══ MATERIAL SHOWN

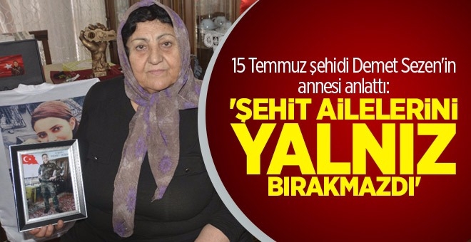 15 Temmuz'u 16'sına bağlayan gece millet sokaklarda, bağırışlar çağırışlar geliyor, herkes eline bayrağı almış sokaklarda. Ben de 'bir takım maç kazanmış, taraftarı onun için kutlama yapıyor' sandım. Hasta olduğumdan ilaç almıştım, sersem gibiydim. Oğlum Ümit ile telefonda görüştüm, 'oğlum nasılsın, ne yapıyorsun' diye. 'Anne, ben Ankara'ya geliyorum' dedi. 'Ne oldu oğlum bir durum mu var, Demet'ime bir şey mi oldu?' dedim, 'anne sorma, gelince konuşuruz' dedi. Demet'i aradım, ulaşamadım. Ümit'i tekrar aradım, 'oğlum, Demet'e ulaşamıyorum' diye. Ümit'i aramışlar, 'kardeşin şehit oldu' diye. Ümit, Hakan'ı arıyor, 'kardeşim şehit olmuş, ben gelene kadar eşini bul' diye. Gece 02.00'de hastanelerde Demet'imi aradım ama bulamadım, 'acaba yavrum yaralı mı?' dedim. 3 gün sonra yavrumu buldum, tabutuna ellerimle koydum, bayrağını çektim.
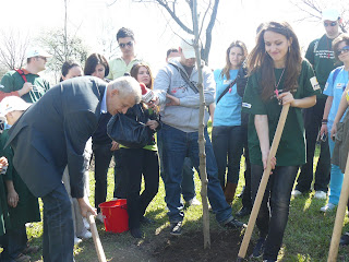Era sa uit, dl. Oprescu a plantat si el copaci cu noi
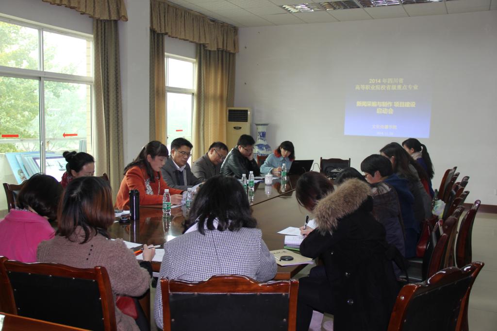 11月20日,我院召开了省级重点专业建设项目、校级精品资源共享课程建设项目启动会。学校副院长曹启富、示范办主任向天华出席会议。我院全体领导、省级重点专业团队成员、校级精品资源共享课程团队成员,教务科全体老师及新闻专业辅导员参加了启动会。会议由陈春宇主持。
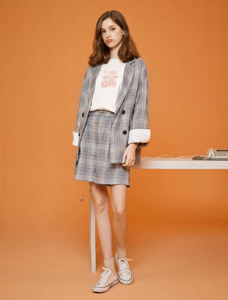 促销 2018秋季新款韩版女装拼接格纹小个子外套西装
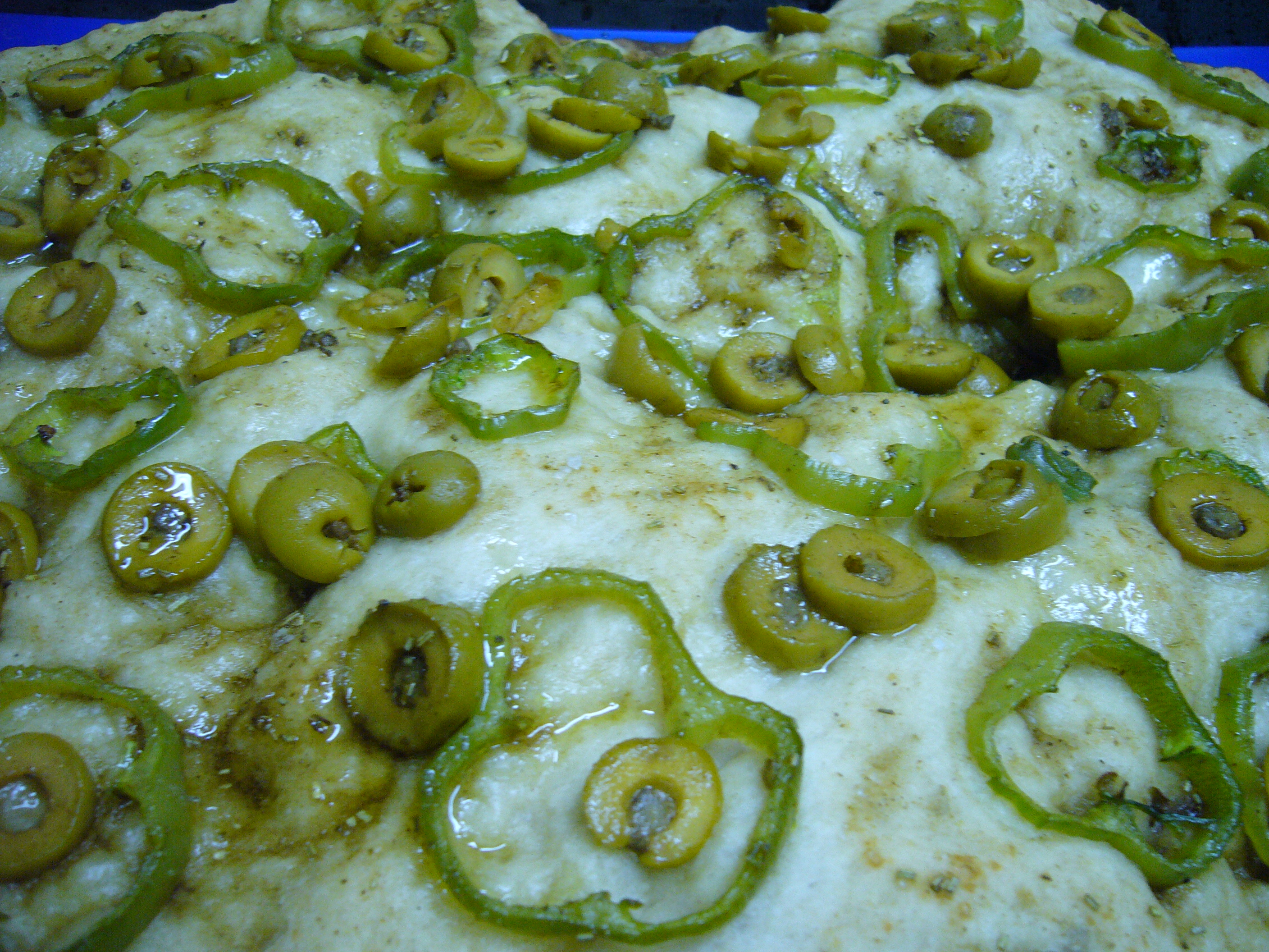FOCACCIA CON PIMIENTO VERDE Y ACEITUNAS
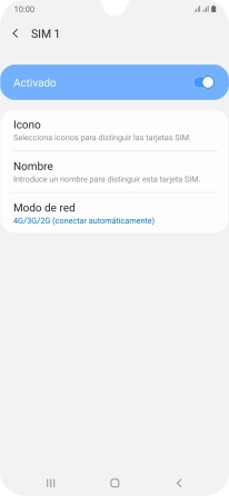 Pulsa el indicador para activar o desactivar el uso de la tarjeta SIM.
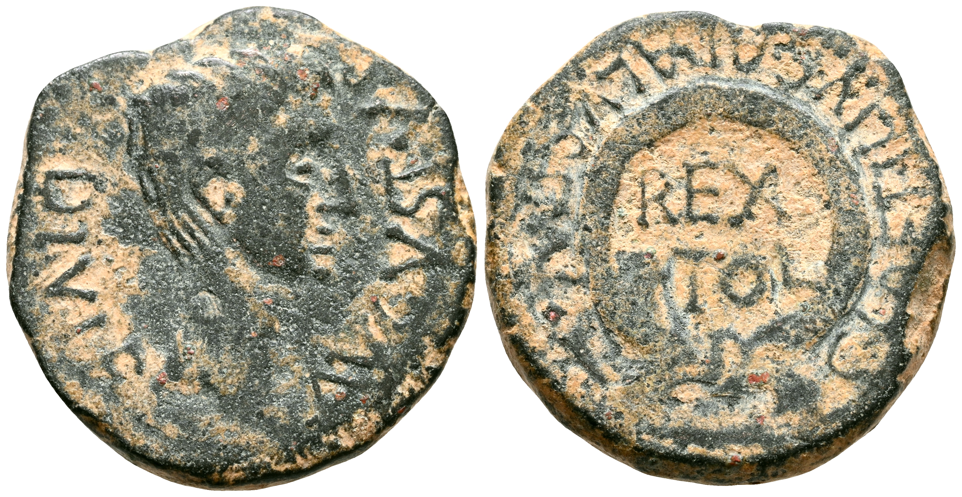 CARTAGONOVA (Cartagena, Murcia). Semis. (Ae. 5,14g/20mm). 27 a.C.-14 d.C. (FAB-590). Anv: Cabeza de Augusto a derecha, alrededor leyenda: AVGVSTVS DIVI F. Rev: Leyenda: REX/PTOL, dentro de láurea, alrededor leyenda: C LAETILIVS APALVS II V Q. MBC-.
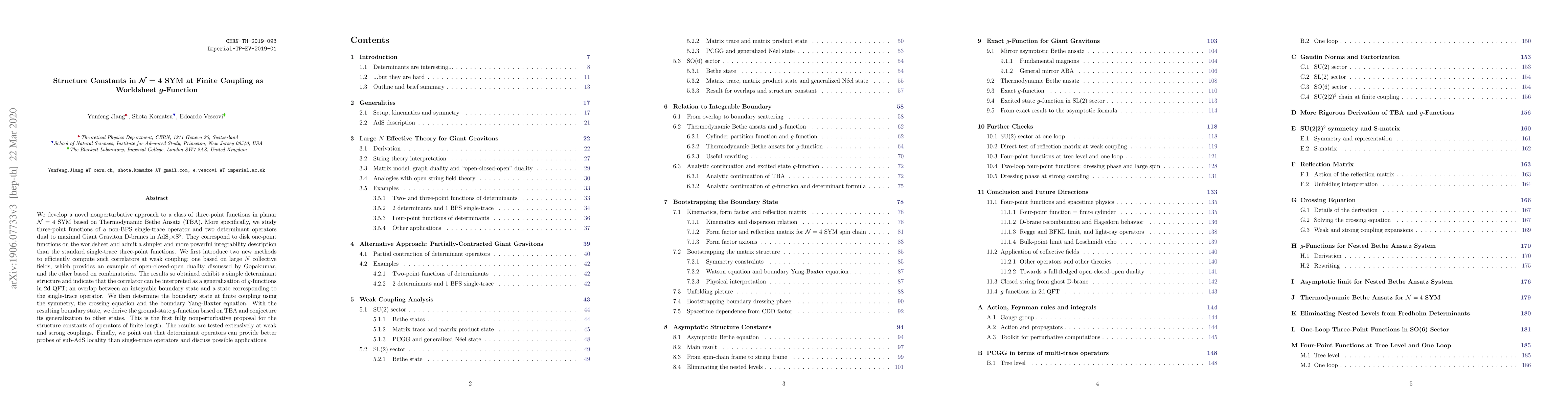 We develop a novel nonperturbative approach to a class of three-point functions in planar $\mathcal{N}=4$ SYM based on Thermodynamic Bethe Ansatz (TBA). More specifically, we study three-point functions of a non-BPS single-trace operator and two determinant operators dual to maximal Giant Graviton D-branes in AdS$_5\times$S$^{5}$. They correspond to disk one-point functions on the worldsheet and admit a simpler and more powerful integrability description than the standard single-trace three-point functions. We first introduce two new methods to efficiently compute such correlators at weak coupling; one based on large $N$ collective fields, which provides an example of open-closed-open duality discussed by Gopakumar, and the other based on combinatorics. The results so obtained exhibit a simple determinant structure and indicate that the correlator can be interpreted as a generalization of $g$-functions in 2d QFT; an overlap between an integrable boundary state and a state corresponding to the single-trace operator. We then determine the boundary state at finite coupling using the symmetry, the crossing equation and the boundary Yang-Baxter equation. With the resulting boundary state, we derive the ground-state $g$-function based on TBA and conjecture its generalization to other states. This is the first fully nonperturbative proposal for the structure constants of operators of finite length. The results are tested extensively at weak and strong couplings. Finally, we point out that determinant operators can provide better probes of sub-AdS locality than single-trace operators and discuss possible applications.
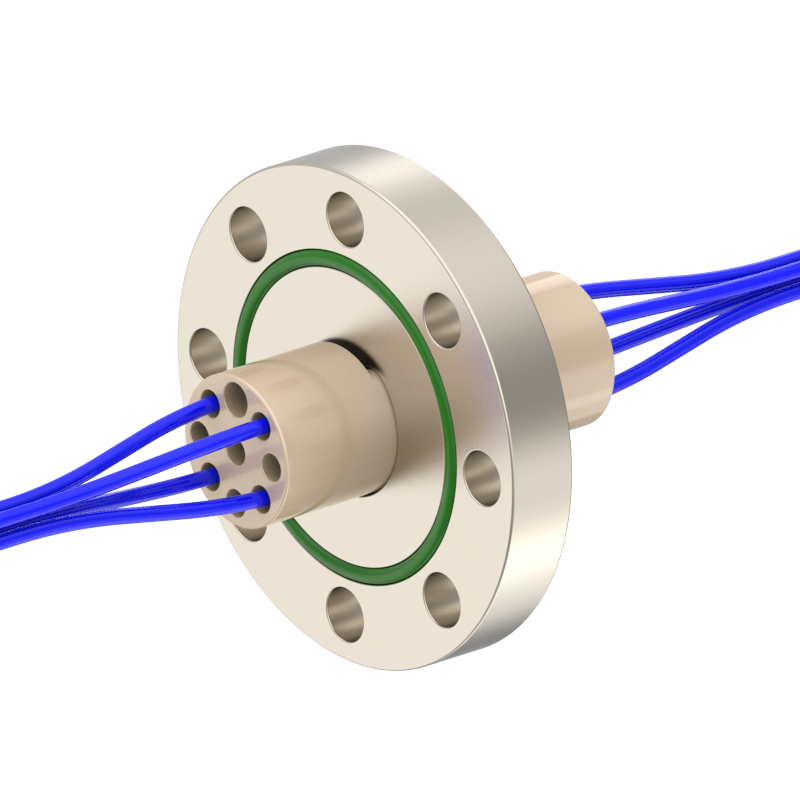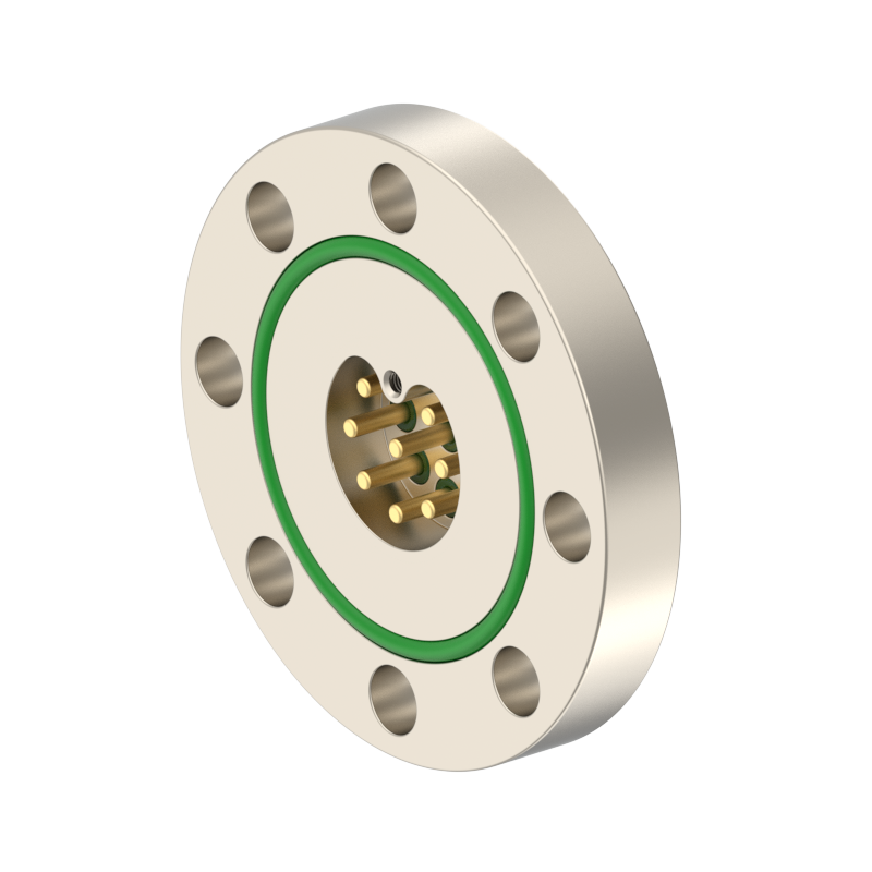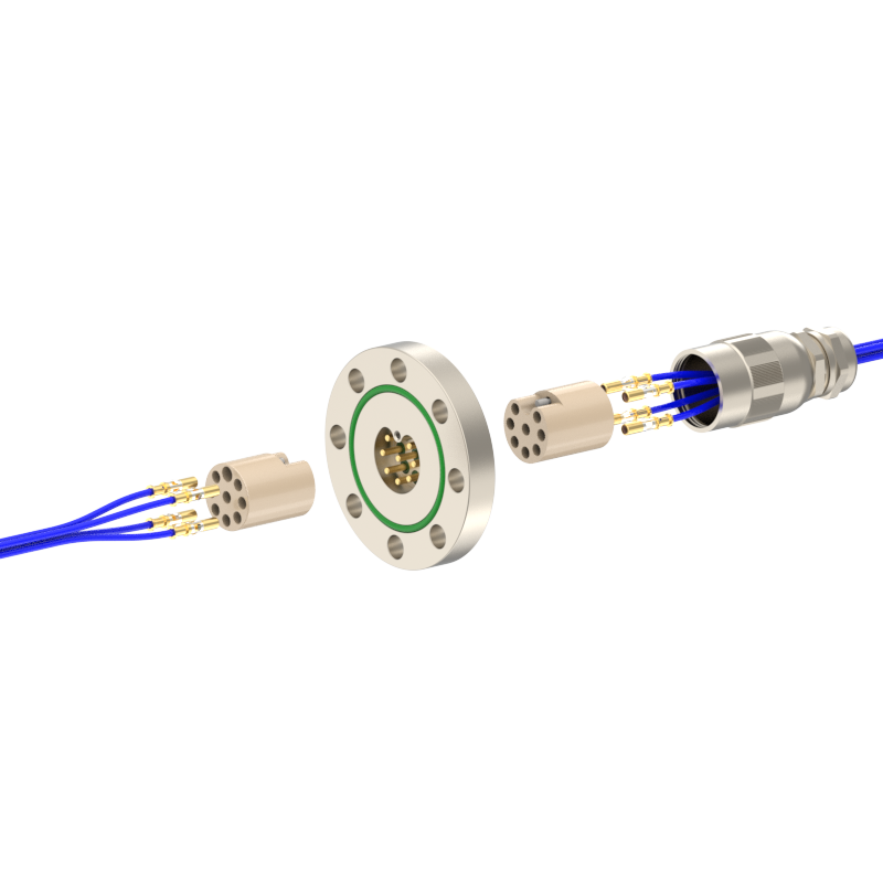 lPlugs are provided on both the vacuum and atmospheric sides, allowing easy plugging/unplugging for simple assembly and wiring. The plugs feature a keyed (polarized) design to prevent misinsertion and are made of low‑outgassing materials, making them suitable for high‑voltage (HV) environments.
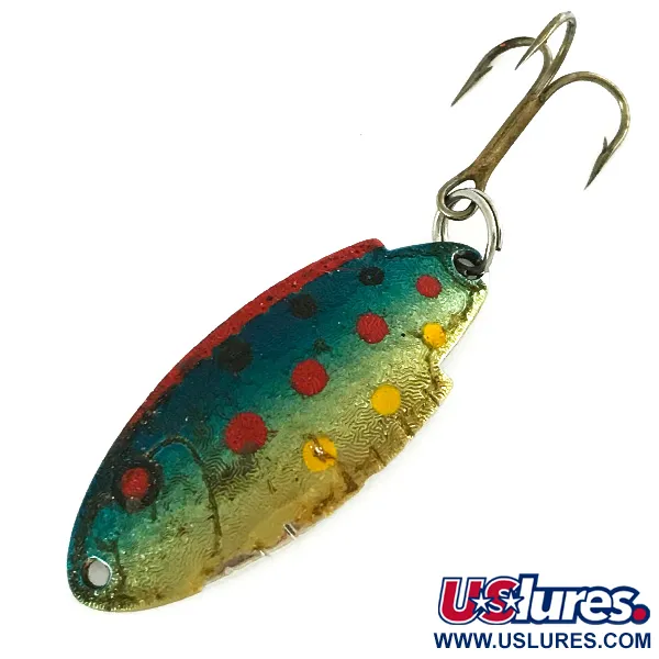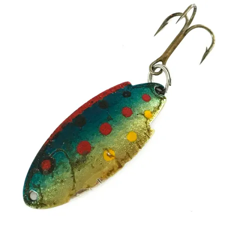 Grabadas claramente en el reverso plateado pulido se encuentran las palabras "THOMAS BUOYANT", que identifican el legado de este señuelo de 4 cm (1 1/2"). Este ejemplar específico, catalogado con el código 7226, luce el acabado Blue Trout, un patrón detallado con un degradado de verde azulado a dorado puntuado por distintos puntos rojos y amarillos. Con un peso de 5 g (3/16 oz), la cucharilla representa la construcción clásica de aparejos fabricados en EE. UU. El hardware consta de un anzuelo triple con acabado bronce y una resistente anilla abierta de metal. Manteniendo una calificación de estado de 5/5, la pintura permanece excepcionalmente brillante y los detalles técnicos grabados en la parte posterior de metal son perfectamente legibles. Una fina línea de pintura roja recorre el borde superior de la cucharilla, proporcionando un fuerte contraste con los tonos azules y verdes del cuerpo principal.

════

> [ASSIGNED TASK] Exact repetition is required for the lines from the first one in the listing through the one that holds "FOCACCIA CON PIMIENTO VERDE Y ACEITUNAS", and pictures are to be omitted.

> [ANSWER TO THE EXERCISE]
 15 Temmuz'u 16'sına bağlayan gece millet sokaklarda, bağırışlar çağırışlar geliyor, herkes eline bayrağı almış sokaklarda. Ben de 'bir takım maç kazanmış, taraftarı onun için kutlama yapıyor' sandım. Hasta olduğumdan ilaç almıştım, sersem gibiydim. Oğlum Ümit ile telefonda görüştüm, 'oğlum nasılsın, ne yapıyorsun' diye. 'Anne, ben Ankara'ya geliyorum' dedi. 'Ne oldu oğlum bir durum mu var, Demet'ime bir şey mi oldu?' dedim, 'anne sorma, gelince konuşuruz' dedi. Demet'i aradım, ulaşamadım. Ümit'i tekrar aradım, 'oğlum, Demet'e ulaşamıyorum' diye. Ümit'i aramışlar, 'kardeşin şehit oldu' diye. Ümit, Hakan'ı arıyor, 'kardeşim şehit olmuş, ben gelene kadar eşini bul' diye. Gece 02.00'de hastanelerde Demet'imi aradım ama bulamadım, 'acaba yavrum yaralı mı?' dedim. 3 gün sonra yavrumu buldum, tabutuna ellerimle koydum, bayrağını çektim.
Era sa uit, dl. Oprescu a plantat si el copaci cu noi
 11月20日,我院召开了省级重点专业建设项目、校级精品资源共享课程建设项目启动会。学校副院长曹启富、示范办主任向天华出席会议。我院全体领导、省级重点专业团队成员、校级精品资源共享课程团队成员,教务科全体老师及新闻专业辅导员参加了启动会。会议由陈春宇主持。
 促销 2018秋季新款韩版女装拼接格纹小个子外套西装
FOCACCIA CON PIMIENTO VERDE Y ACEITUNAS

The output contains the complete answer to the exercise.